DATA BELOW START

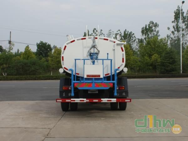 灑水車前沖(噴)后灑,帶側噴,罐體后帶工作平臺,平臺上安裝綠化灑水炮,灑水炮可全方位旋轉,可連續(xù)調成直沖狀、大雨、小雨、毛毛雨,帶安全護欄,配備全國質量評比第一名的杭州威龍大功率專用灑水泵,泵可自吸自排,安裝過濾網,帶消防接口,可通過消防栓進水,帶自流閥,隨車選裝20米綠化卷盤,可噴灑農藥,罐體金屬漆。
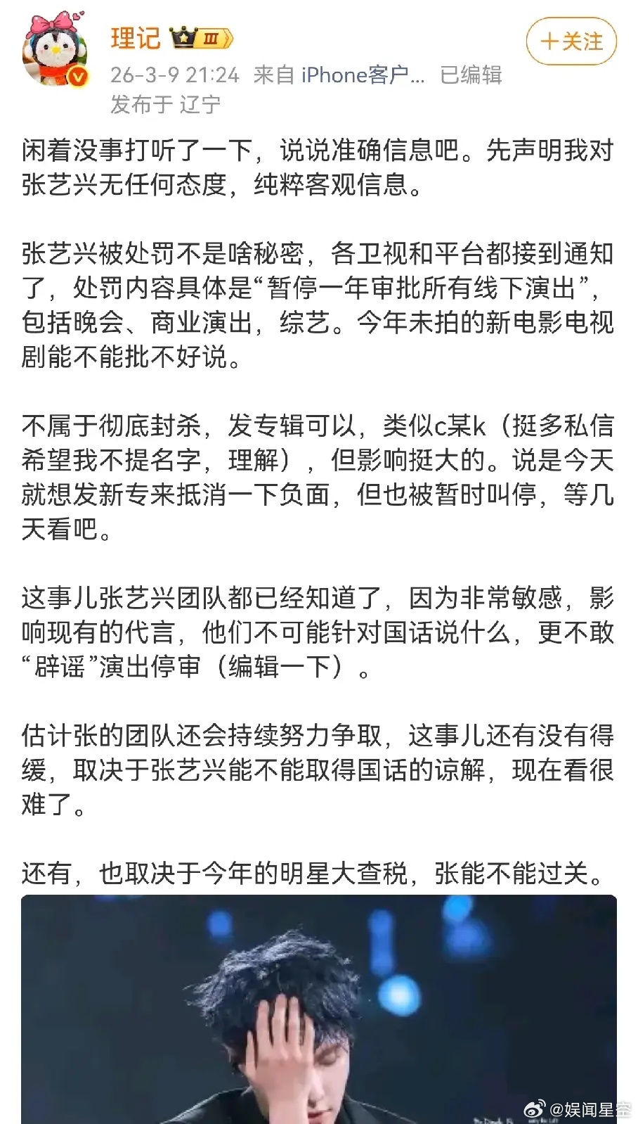 理记居然点名 张艺兴他爆料 被罚了 不是很严重的那种,可以发专辑,但是 晚会,商业演出,综艺都没他什么事了,和C差不多,只不过他是暂时的。张艺兴前脚刚发律师函,后脚他就来锤,这是真不怕被告,还是自信自己说的是真的。看张艺兴接下来有没有主流活动就知道真假了,他本人没问题。
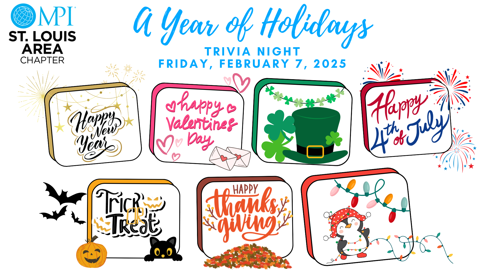 Put your holiday knowledge to the test at MPI St. Louis' Annual Trivia Night! This festive trivia event will test your knowledge of holidays across the calendar, from New Year's Eve to Halloween, and everything in between. Whether you're a holiday history expert, a fan of seasonal traditions, or simply love a good trivia challenge, there's something for everyone! The evening includes a cash bar, heavy hor d'oeuvres provided by The Franklin of Soulard, a complementary signature cocktail, 50/50 raffle, and a silent auction!

DATA BELOW END

• WORK REQUEST: Please transcribe each line above exactly, but leave the images out.

• FINISHED EXERCISE:
 灑水車前沖(噴)后灑,帶側噴,罐體后帶工作平臺,平臺上安裝綠化灑水炮,灑水炮可全方位旋轉,可連續(xù)調成直沖狀、大雨、小雨、毛毛雨,帶安全護欄,配備全國質量評比第一名的杭州威龍大功率專用灑水泵,泵可自吸自排,安裝過濾網,帶消防接口,可通過消防栓進水,帶自流閥,隨車選裝20米綠化卷盤,可噴灑農藥,罐體金屬漆。
 理记居然点名 张艺兴他爆料 被罚了 不是很严重的那种,可以发专辑,但是 晚会,商业演出,综艺都没他什么事了,和C差不多,只不过他是暂时的。张艺兴前脚刚发律师函,后脚他就来锤,这是真不怕被告,还是自信自己说的是真的。看张艺兴接下来有没有主流活动就知道真假了,他本人没问题。
 Put your holiday knowledge to the test at MPI St. Louis' Annual Trivia Night! This festive trivia event will test your knowledge of holidays across the calendar, from New Year's Eve to Halloween, and everything in between. Whether you're a holiday history expert, a fan of seasonal traditions, or simply love a good trivia challenge, there's something for everyone! The evening includes a cash bar, heavy hor d'oeuvres provided by The Franklin of Soulard, a complementary signature cocktail, 50/50 raffle, and a silent auction!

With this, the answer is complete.